What you will do. Return the lines of the data below, from the one containing "- Korpus: bütöv" through the very last, exactly and with both ends included; no pictures.

Raw data.
[Start of section]

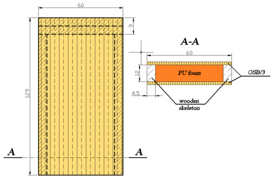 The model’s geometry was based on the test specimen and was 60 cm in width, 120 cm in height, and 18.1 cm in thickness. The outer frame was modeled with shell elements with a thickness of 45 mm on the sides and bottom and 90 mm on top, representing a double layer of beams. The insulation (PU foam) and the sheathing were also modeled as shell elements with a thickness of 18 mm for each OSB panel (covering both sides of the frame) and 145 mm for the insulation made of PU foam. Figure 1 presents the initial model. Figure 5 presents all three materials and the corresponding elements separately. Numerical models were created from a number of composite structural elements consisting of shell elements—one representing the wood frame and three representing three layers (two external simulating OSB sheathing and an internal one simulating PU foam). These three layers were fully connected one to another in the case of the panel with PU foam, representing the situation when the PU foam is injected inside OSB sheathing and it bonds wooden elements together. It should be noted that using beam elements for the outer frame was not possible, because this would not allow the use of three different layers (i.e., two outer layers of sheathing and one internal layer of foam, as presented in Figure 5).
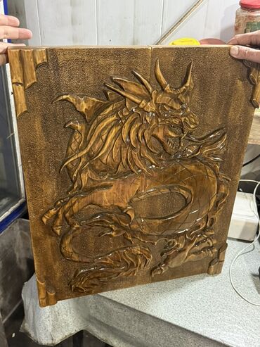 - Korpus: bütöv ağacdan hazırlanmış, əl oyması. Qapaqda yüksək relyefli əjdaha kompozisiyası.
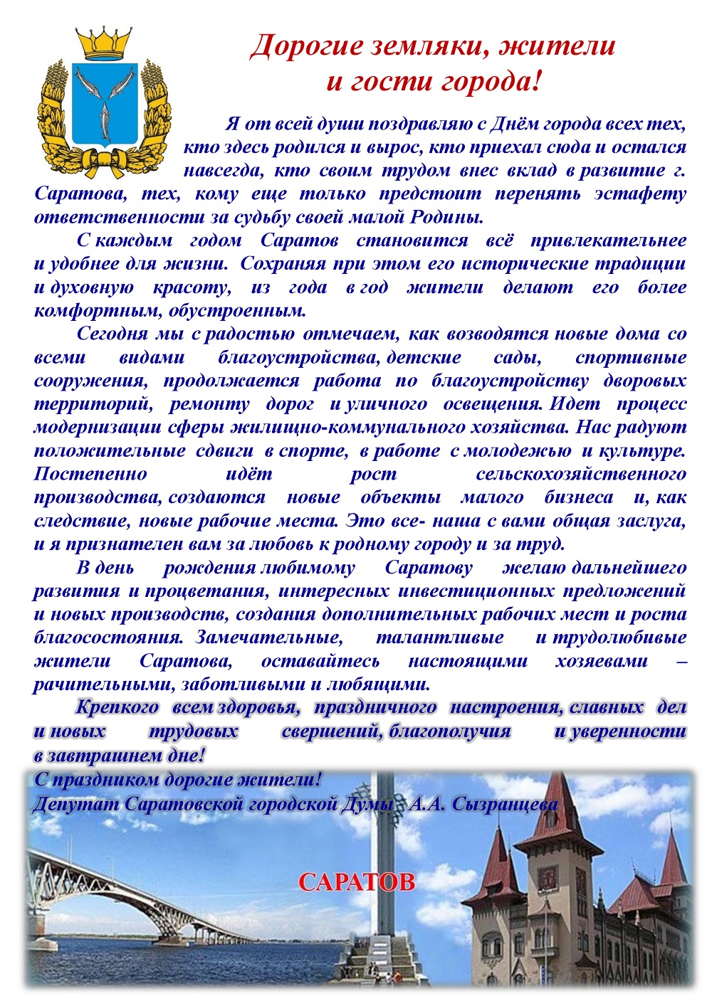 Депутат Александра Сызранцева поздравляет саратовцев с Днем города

[End of section]

Your response.
 - Korpus: bütöv ağacdan hazırlanmış, əl oyması. Qapaqda yüksək relyefli əjdaha kompozisiyası.
 Депутат Александра Сызранцева поздравляет саратовцев с Днем города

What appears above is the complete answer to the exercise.